Azure / azure-sdk-for-node

Azure SDK for Node.js - Documentation
https://github.com/Azure/azure-sdk-for-node#documentation
MIT License
1.19k stars 567 forks source link

Result has cut bytes from retrieved data #2210

Closed miroslavvojtus closed 5 years ago

miroslavvojtus commented 7 years ago

I am currently trying to integrate DataLake as a file storage with Node.js app. So far, if I omit typings issue which is already reported here, I have some problems with reading files.
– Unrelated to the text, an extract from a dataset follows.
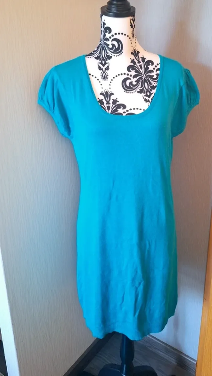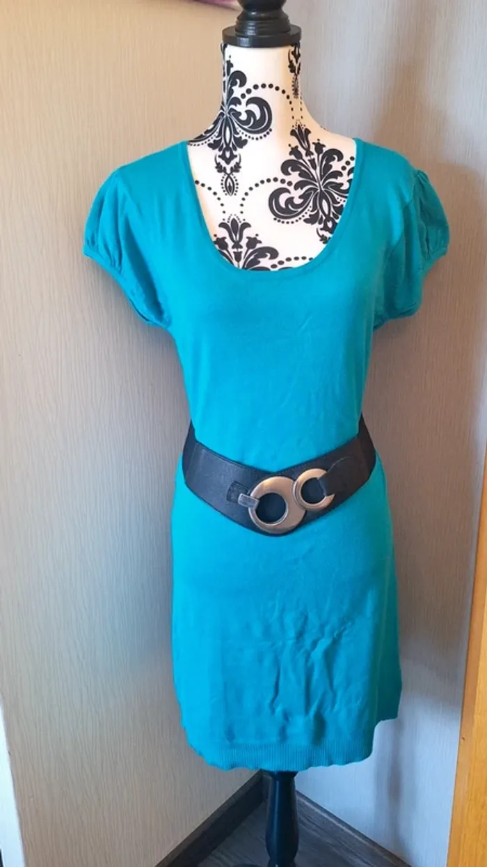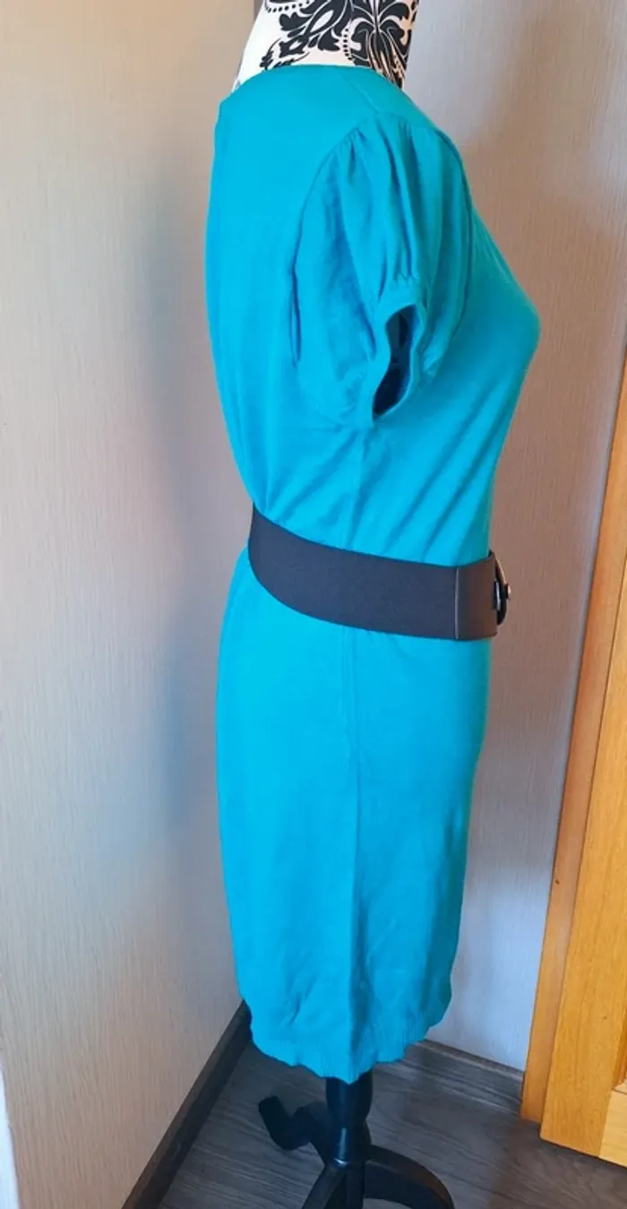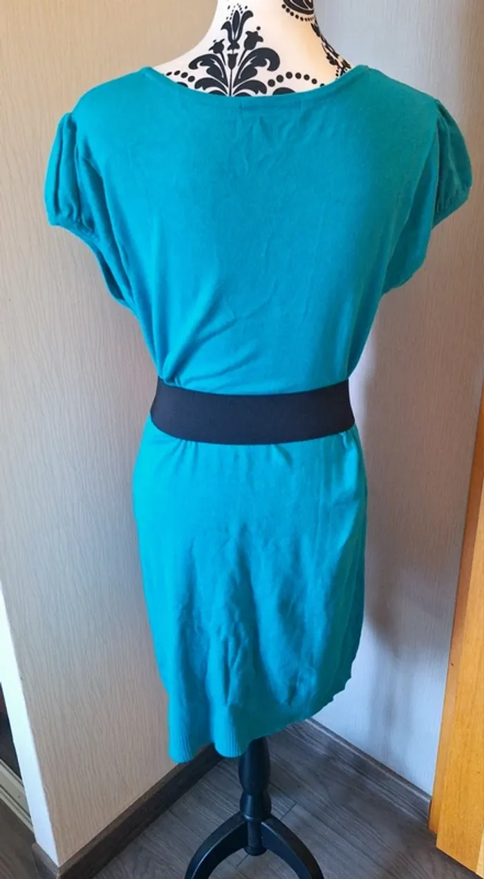 Jolie robe pull femme, légère, elle est idéale en demi saison ⚠️la couleur est vert émeraude/turquoise alors que sur les photos elle fait plutôt bleu... Taille 44 voir mesure longueur 87cm Très bon état 👌 ⚠️⚠️ ceinture non vendue avec ⚠️⚠️ #femme44_aurore4145

I am using code similar to following one:

import * as fs from "fs";
import * as msRestAzure from "ms-rest-azure";
import { DataLakeStoreFileSystemClient } from "azure-arm-datalake-store";

const streamToBuffer = (stream: NodeJS.ReadableStream): Promise<Buffer> => {
    return new Promise((resolve, reject) => {
        let bufs = [];
        stream.on("data", (d) => bufs.push(d));
        stream.on("error", reject);
        stream.on("end", () => resolve(Buffer.concat(bufs)););
    });
};

(async () => {
    let clientId: string = "clientId"; 
    let domain: string = "domain"; 
    let secret: string = "secret";

    let client = msRestAzure.loginWithServicePrincipalSecret(clientId, secret, domain)
                .then((credentials) => new DataLakeStoreFileSystemClient(credentials));
    let dlfs = client.fileSystem;

    fs.writeFileSync("a_file", await streamToBuffer(await dlfs.open("acount_name", "a_file")));
})();

Problem is that the file written to the file system has missing first 16834 bytes (from its remote source). It sounds to me like first data emission already occurred and stream.on("data", (d) => bufs.push(d)); receives only the rest of the file.
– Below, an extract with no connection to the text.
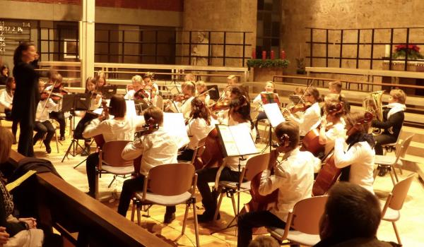 Im Nachwuchsorchester kommen Instrumentalisten der Klassen 5-7 zusammen, um im gemeinsamen Musizieren Freude zu erleben und das Orchesterspiel zu erlernen. Sehr gute Spieler dürfen die Positionen von Stimmführern einnehmen oder als Solisten mit dem Orchester auftreten und erlernen, Stimmproben zu leiten. Schüler, die technisch auf ihrem Instrument noch nicht so weit sind, bekommen für sie zugeschnittene vereinfachte Stimmen. Ziel ist es, die jungen Musiker*innen an die Orchesterliteratur heranzuführen und sie für diese wunderbare Form des Zusammenspiels zu sensibilisieren.

The issue seems to be in promises and used streaming code.

When I tried to use callback variant without promise it seems to work fine:

...
    dlfs.open("acount_name", "a_file", async (err, data) => {
        fs.writeFileSync("a_file", await streamToBuffer(data));
    });
...

Also, manual wrapping of returned stream seems to work:

...
    let data = await new Promise<NodeJS.ReadableStream>((resolve, reject) => {
        dfs.open("acount_name", "a_file" (err, data) => {
            if (err) {
                return reject(err);
            }
            resolve(new Readable().wrap(data));
        });
    });
    fs.writeFileSync("a_file", await streamToBuffer(data));
...
jdthorpe commented 6 years ago

TL;DR;

Pretty sure this is related to this issue with the underlying request library that handles the http requests.


I've also have this issue where the first 16kb of the Azure Data Lake file are lost when using the Promise / Await code. For example, this code works just fine:

const localPath = "c:/some/place/nice.csv"
const accountName = "my-adl-account"
const remotePath = "/my/favorite/file.csv"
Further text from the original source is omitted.